<<<<

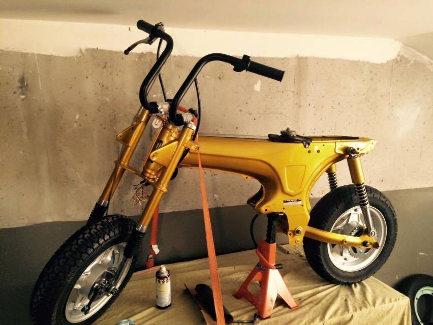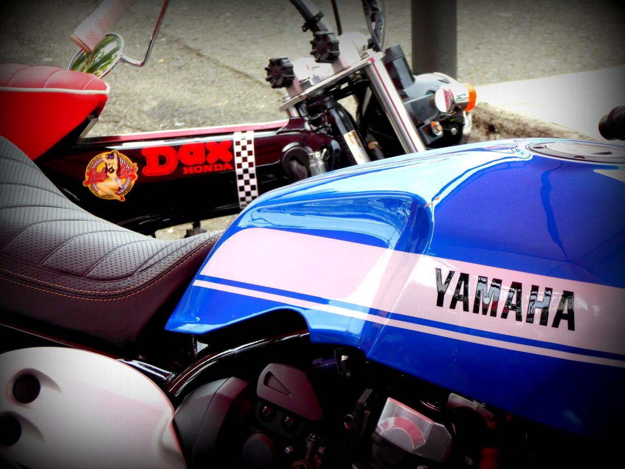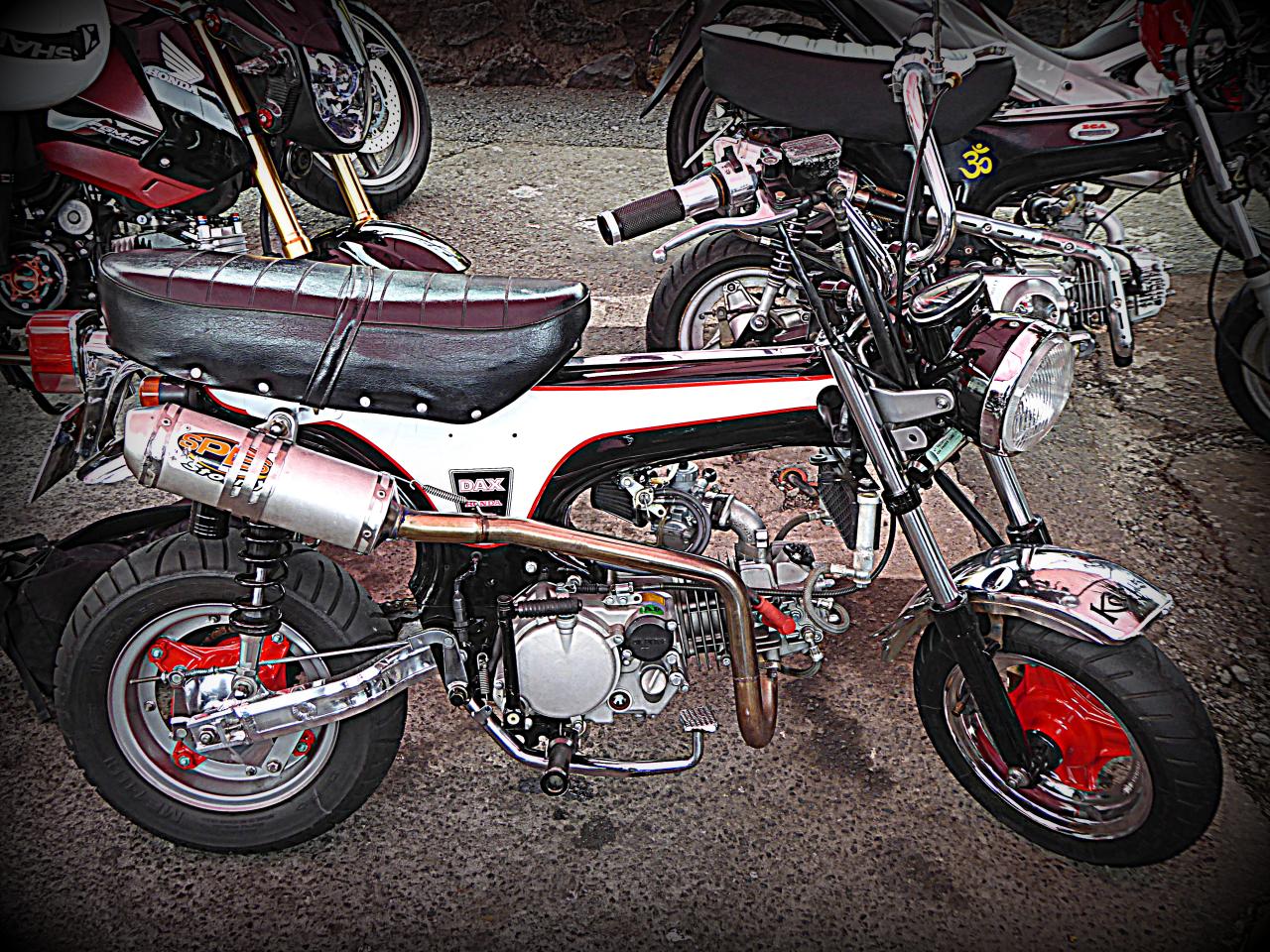 Deux écoles de custom chez les daxistes : le purisme vintage où on va tout retaper en mode 70’s, mais en mieux, comme mon pote réunionnais Lionel dans le Sud de la France avec son atelier mythique, le fameux Vespa Bouclard (post à venir très prochainement, hein Lionel?).
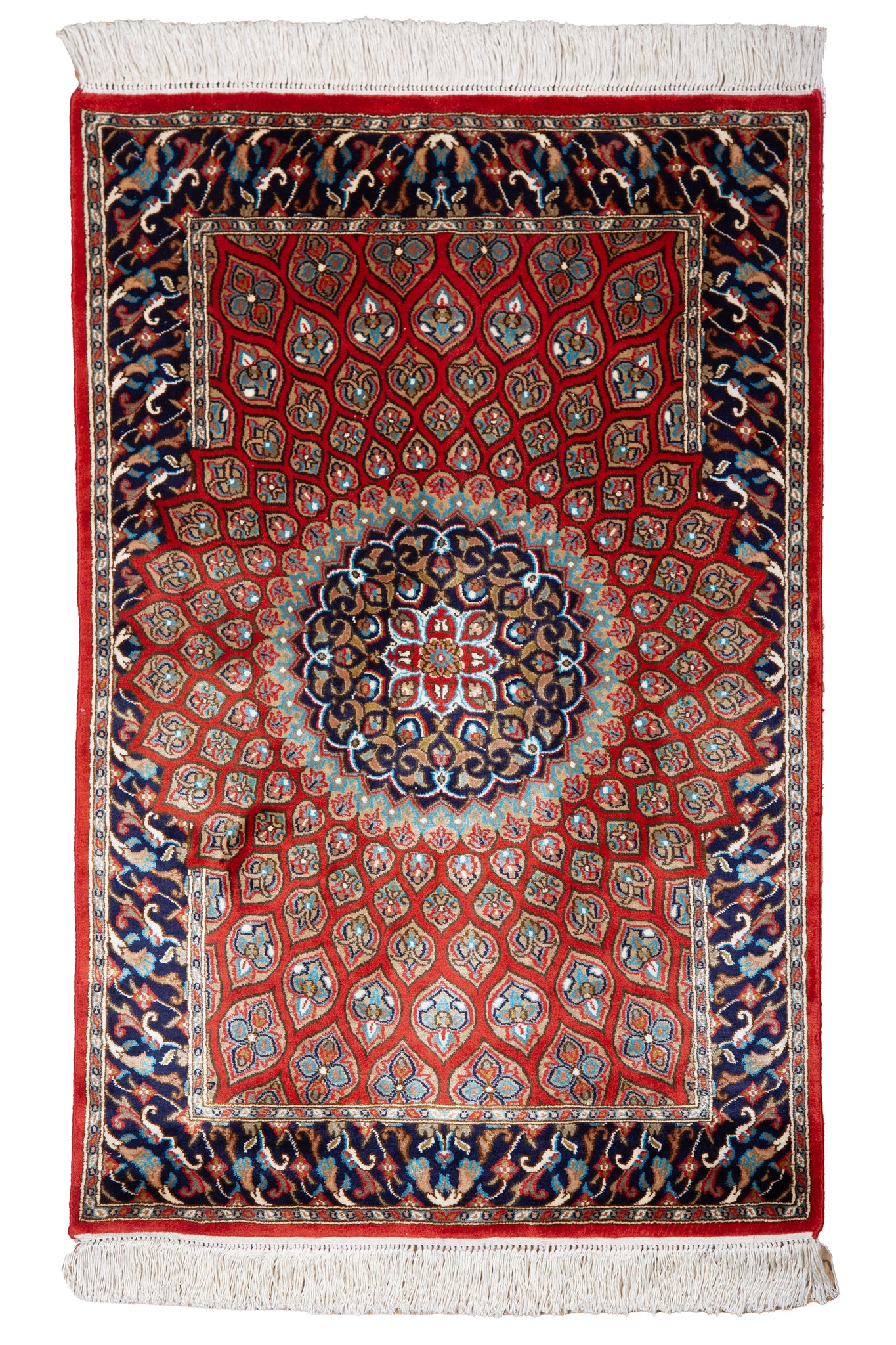 This striking Kashmiri silk-on-silk rug is a radiant homage to classical Persian medallion design, interpreted through the unparalleled finesse of Kashmiri craftsmanship. Hand-knotted with premium mulberry silk, it features a luminous ruby-red field exploding into a hypnotic mandala of floral motifs in lapis, ivory, gold, and espresso tones. The central medallion—bold yet intricately detailed—draws the eye inward like a blooming sunburst, framed by a scrolling midnight-blue border that enhances its grandeur. With its high knot density, regal sheen, and vivid palette, this heirloom-worthy piece is designed for collectors seeking luxury, heritage, and extraordinary visual impact in one timeless creation.
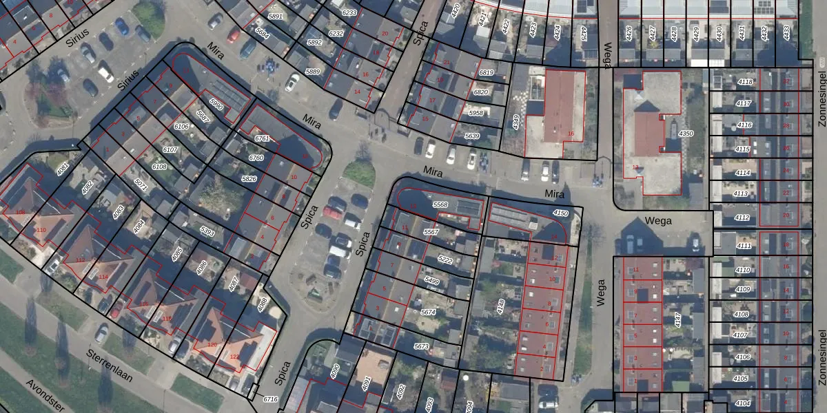 Het perceel waarop Spica 13 staat heeft een oppervlakte van 200 m². Dit is een middelgroot perceel. De perceeloppervlakte wordt geregistreerd door het Kadaster. Gedetailleerde informatie over de maten van dit perceel kunt u vinden in het rapport Kadastrale kaart met maatvoering van Spica 13.

>>>>

What to work on:
Repeat the listing above exactly, with no pictures.

Answer section:
 Deux écoles de custom chez les daxistes : le purisme vintage où on va tout retaper en mode 70’s, mais en mieux, comme mon pote réunionnais Lionel dans le Sud de la France avec son atelier mythique, le fameux Vespa Bouclard (post à venir très prochainement, hein Lionel?).
 This striking Kashmiri silk-on-silk rug is a radiant homage to classical Persian medallion design, interpreted through the unparalleled finesse of Kashmiri craftsmanship. Hand-knotted with premium mulberry silk, it features a luminous ruby-red field exploding into a hypnotic mandala of floral motifs in lapis, ivory, gold, and espresso tones. The central medallion—bold yet intricately detailed—draws the eye inward like a blooming sunburst, framed by a scrolling midnight-blue border that enhances its grandeur. With its high knot density, regal sheen, and vivid palette, this heirloom-worthy piece is designed for collectors seeking luxury, heritage, and extraordinary visual impact in one timeless creation.
 Het perceel waarop Spica 13 staat heeft een oppervlakte van 200 m². Dit is een middelgroot perceel. De perceeloppervlakte wordt geregistreerd door het Kadaster. Gedetailleerde informatie over de maten van dit perceel kunt u vinden in het rapport Kadastrale kaart met maatvoering van Spica 13.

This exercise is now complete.